Lisboa foi uma batalha naval cordial
Fonte:dn.pt
O DIA EM QUE O DN CONTOU: A ano e meio do começo da II Guerra Mundial, no virar de janeiro para fevereiro de 1938, Lisboa parecia sofrer de esquizofrenia. Um dia, no Terreiro do Paço tocava uma banda nazi e, dias depois, tocava a banda de couraçados ingleses. Na Avenida da Liberdade desfilavam falangistas espanhóis e marinheiros da Navy. E o DN trazia para a capa um garoto da Mocidade Portuguesa, fazendo a saudação fascista, saudando os “velhos aliados”, navios britânicos…
A
bordo do cruzador Deutschland, com a bandeira nazi e a Cruz de Ferro
tremulando, a banda alemã tocou God Save the King quando a Armada
inglesa fundeou no Tejo. Chegados no sábado, 29 de janeiro, os alemães
esperaram pelos ingleses e partiram no mesmo dia, 4 de fevereiro. No
último dia de estada, o ministro português da Marinha Ortins de
Betencourt ofereceu um jantar, juntando à mesma mesa os almirantes Roger
Backhouse, inglês, e Wilhelm Marshall, alemão. As bandas dos cruzadores
Deutschland e Nelson também tocaram no Terreiro do Paço, mas só o
navio-almirante britânico recebeu a visita do presidente Carmona.
Logo
no dia em que atracam em Lisboa os comandos das “frotas amigas” são
recebidos no Palácio de Belém pelo presidente português. Mas só o
inglês, o almirante Roger Backhouse, viu retribuída a visita. O general
Óscar Fragoso Carmona (na foto, à direita), vestiu a farda de gala para
subir ao cruzador Nelson e ser recebido pelo comandante da frota
britânica (na foto, Backhouse, ao centro e, à esquerda, o embaixador
britânico Walford Selby). Um ano e meio depois, Carmona estará em viagem
marítima, vindo de Moçambique, e só chega a Lisboa dez dias depois do
começo da II Guerra Mundial.
O Deutschland, comandado pelo almirante Wilhelm Marshall, atraca na Rocha Conde de Óbidos e dois submarinos U-33 e U-36 vão para o cais de Alcântara. Logo nesse dia, o almirante alemão é recebido em Belém pelo presidente Óscar Carmona. Por terra chegam os falangistas galegos, comandados pelo braço direito de Franco na Galiza, Jesús Suevos, natural da mesma terra do caudillo, El Ferrol. Suevos fará carreira no novo regime, será presidente do Atlético de Madrid e da RTVE, televisão espanhola. Entretanto, passeia-se fardado, cinturão largo, botas e braço estendido de cada vez que a ocasião se proporciona – como se verá nos encontros com os seus camaradas portugueses. Aos galegos juntam-se os falangistas e flechas (jovens franquistas) que vêm de Badajoz. Não são militantes quaisquer, são dos mais aguerridos, tinham protagonizado, ano e meio antes, um dos episódios mais sangrentos da guerra civil: as matanças, na praça de touros, de adversários republicanos. Chegaram de comboio e à estação veio acolhê-los um capitão que, vinte anos depois, em 1958, reunirá multidões em Lisboa e por todo o País, mas que serão de outro bordo: Humberto Delgado.
O
capitão Humberto Delgado participou na manifestação dos falangistas
espanhóis em Lisboa. Ao contrário do ministro do Comércio português
Costa Leite Lumbrales, que faz a saudação fascista, Delgado faz
continência.
No
dia 31, às 15.00, a banda do couraçado Deutschland deu um concerto na
praça lisboeta (foto esq.). Ao lado da bandeira portuguesa, a nazi. Dois
dias depois dos alemães, à mesma hora e no mesmo local, a banda da
Armada britânica tocou também para os lisboetas (foto dir.)

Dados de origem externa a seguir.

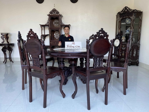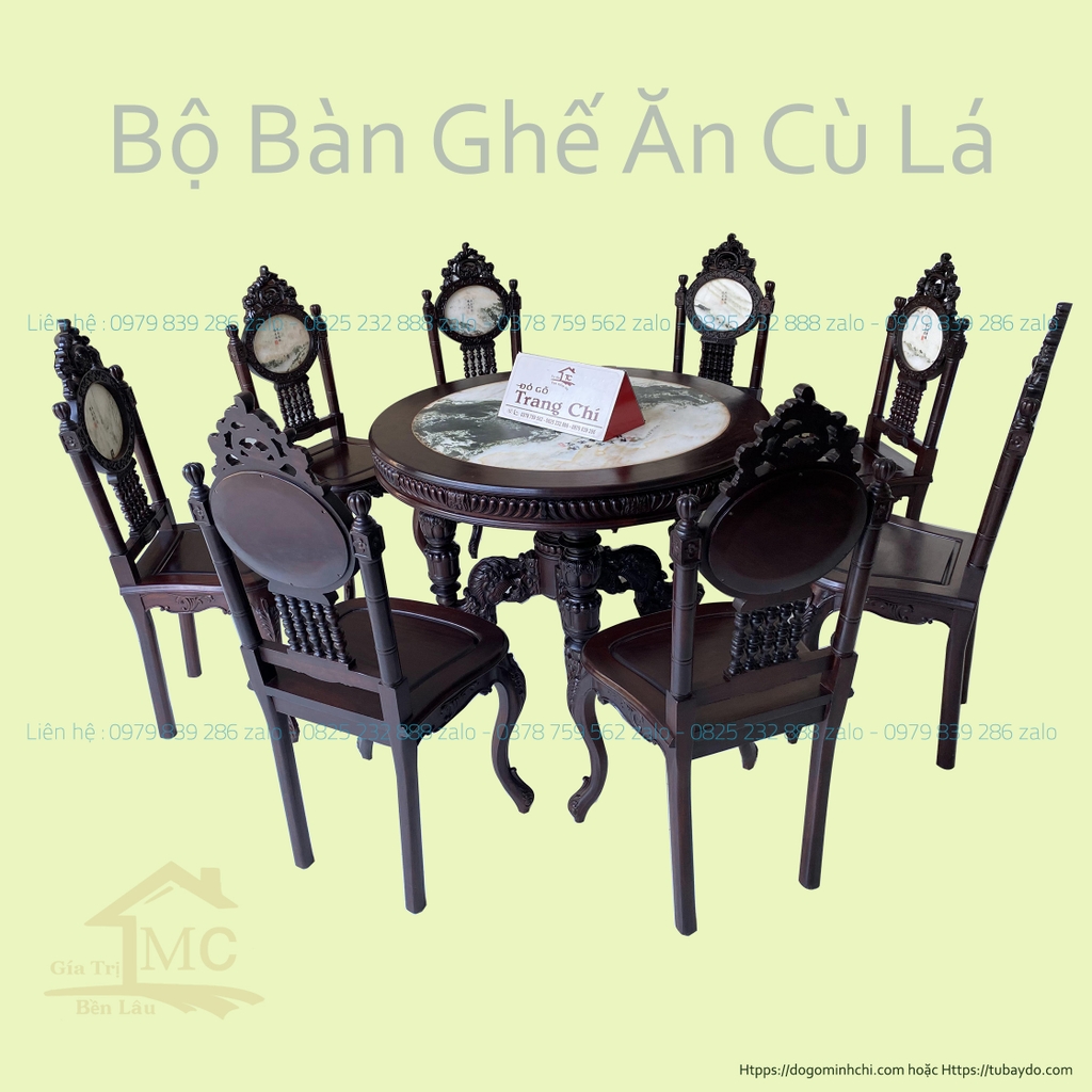 Đồ Gỗ Trang Chí xin giới thiệu tới quý khách hàng Bộ Ghế Ăn Bàn Tròn Rộng Louis được đục chạm tỉ mỉ và nổi bật với nét đục chạm quý phái ghế sang trọng. Bộ Bàn Ghế Ăn Bàn Tròn Lù Lá là một trong những bộ bàn ghế được rất nhiều khách hàng lựa chọn cho nột thất phòng ăn, phòng tiếp khách. Tính ưu việt, tiện dụng và độ bền cao. Chính là đặc điểm cũng như tiêu chí từ khách hàng lựa chọn. Bộ sản phẩm gồm 8 ghế và 1 bàn đường kính bàn rộng giúp quý gia chủ tiếp khách, tiếp đối tác sang trọng và lịch thiệp. Ngoài ra quý vị có thể làm một bộ bàn ghế tiếp khách, một bộ bàn ghế cho, phòng họp, phòng làm việc. Dưới đây là hình ảnh và thông tin quý vị nhé

A banda dos couraçados britânicos também dá um concerto no Terreiro do Paço e os militares ingleses desfilam frente ao monumento aos mortos da Guerra. O ministro da Marinha Ortins de Bettencourt dá um jantar no Hotel Aviz ao comando das duas frotas: senta o almirante inglês à direita e o almirante alemão à esquerda. A partir do ano seguinte, o hotel destes encontros germano-britânicos, em Lisboa, será o Avenida e entre espiões. Os militares de ambos os lados já não se encontravam à mesa.